Watermarking Strategies

1. Ascending Timestamps

from pyflink.datastream.functions import AscendingTimestampExtractor

class AscendingWatermarkExtractor(AscendingTimestampExtractor):
    def extract_timestamp(self, element, previous_timestamp):
        return element.timestamp * 1000

ascending_watermark = events.assign_timestamps_and_watermarks(
    AscendingWatermarkExtractor()
)

2. Bounded Out-of-Orderness

from pyflink.datastream.functions import BoundedOutOfOrdernessTimestampExtractor
from pyflink.common.time import Time

class BoundedWatermarkExtractor(BoundedOutOfOrdernessTimestampExtractor):
    def __init__(self):
        super().__init__(Time.seconds(10))  # Allow 10-second delay
    
    def extract_timestamp(self, element, previous_timestamp):
        return element.timestamp * 1000

bounded_watermark = events.assign_timestamps_and_watermarks(
    BoundedWatermarkExtractor()
)

🗃️ State Management Basics

Types of State

1. ValueState

from pyflink.common.state import ValueStateDescriptor
from pyflink.common.typeinfo import Types
from pyflink.datastream import KeyedProcessFunction

class CounterFunction(KeyedProcessFunction):
    def __init__(self):
        self.count_state = None
    
    def open(self, runtime_context):
        # Initialize ValueState
        self.count_state = runtime_context.get_state(
            ValueStateDescriptor("count", Types.INT())
        )
    
    def process_element(self, value, ctx):
        # Get current state value
        current_count = self.count_state.value() or 0
        
        # Update state
        new_count = current_count + 1
        self.count_state.update(new_count)
        
        # Output result
        ctx.collect(f"Key: {value}, Count: {new_count}")

# Usage example
counter_stream = keyed_stream.process(CounterFunction())

2. ListState

from pyflink.common.state import ListStateDescriptor

class ListCollector(KeyedProcessFunction):
    def __init__(self):
        self.list_state = None
    
    def open(self, runtime_context):
        self.list_state = runtime_context.get_list_state(
            ListStateDescriptor("items", Types.STRING())
        )
    
    def process_element(self, value, ctx):
        # Add value to list
        self.list_state.add(value)
        
        # Collect list contents
        items = []
        for item in self.list_state.get():
            items.append(item)
        
        ctx.collect(f"Collected items: {items}")

list_stream = keyed_stream.process(ListCollector())

3. MapState

from pyflink.common.state import MapStateDescriptor

class MapAggregator(KeyedProcessFunction):
    def __init__(self):
        self.map_state = None
    
    def open(self, runtime_context):
        self.map_state = runtime_context.get_map_state(
            MapStateDescriptor("counts", Types.STRING(), Types.INT())
        )
    
    def process_element(self, value, ctx):
        # Get current count from map
        current_count = self.map_state.get(value) or 0
        
        # Increment count
        self.map_state.put(value, current_count + 1)
        
        # Output result
        ctx.collect(f"Value: {value}, Count: {current_count + 1}")

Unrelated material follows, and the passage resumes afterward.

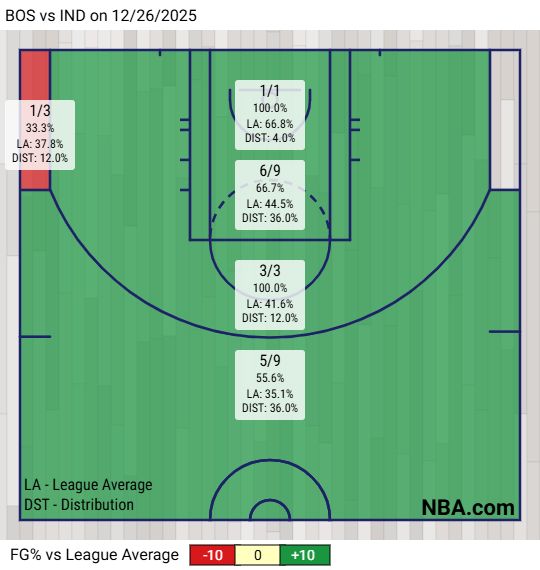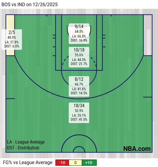- Hot shooting: The Celtics shot 51% from 3, powered by Sam Hauser’s 7-8 night. They hit 20 3-pointers, but the story of this game might actually be the mid-range shooting. Look at these shot zones.

map_stream = keyed_stream.process(MapAggregator())

Checkpointing

from pyflink.common import Configuration
from pyflink.common.checkpointing import CheckpointingMode

# Checkpointing configuration
env.get_checkpoint_config().enable_checkpointing(1000)  # Checkpoint every 1 second
env.get_checkpoint_config().set_checkpointing_mode(CheckpointingMode.EXACTLY_ONCE)

# Checkpoint directory configuration
env.get_checkpoint_config().set_checkpoint_storage_dir("file:///tmp/flink-checkpoints")

# Maximum concurrent checkpoints
env.get_checkpoint_config().set_max_concurrent_checkpoints(1)

# Minimum checkpoint interval
env.get_checkpoint_config().set_min_pause_between_checkpoints(500)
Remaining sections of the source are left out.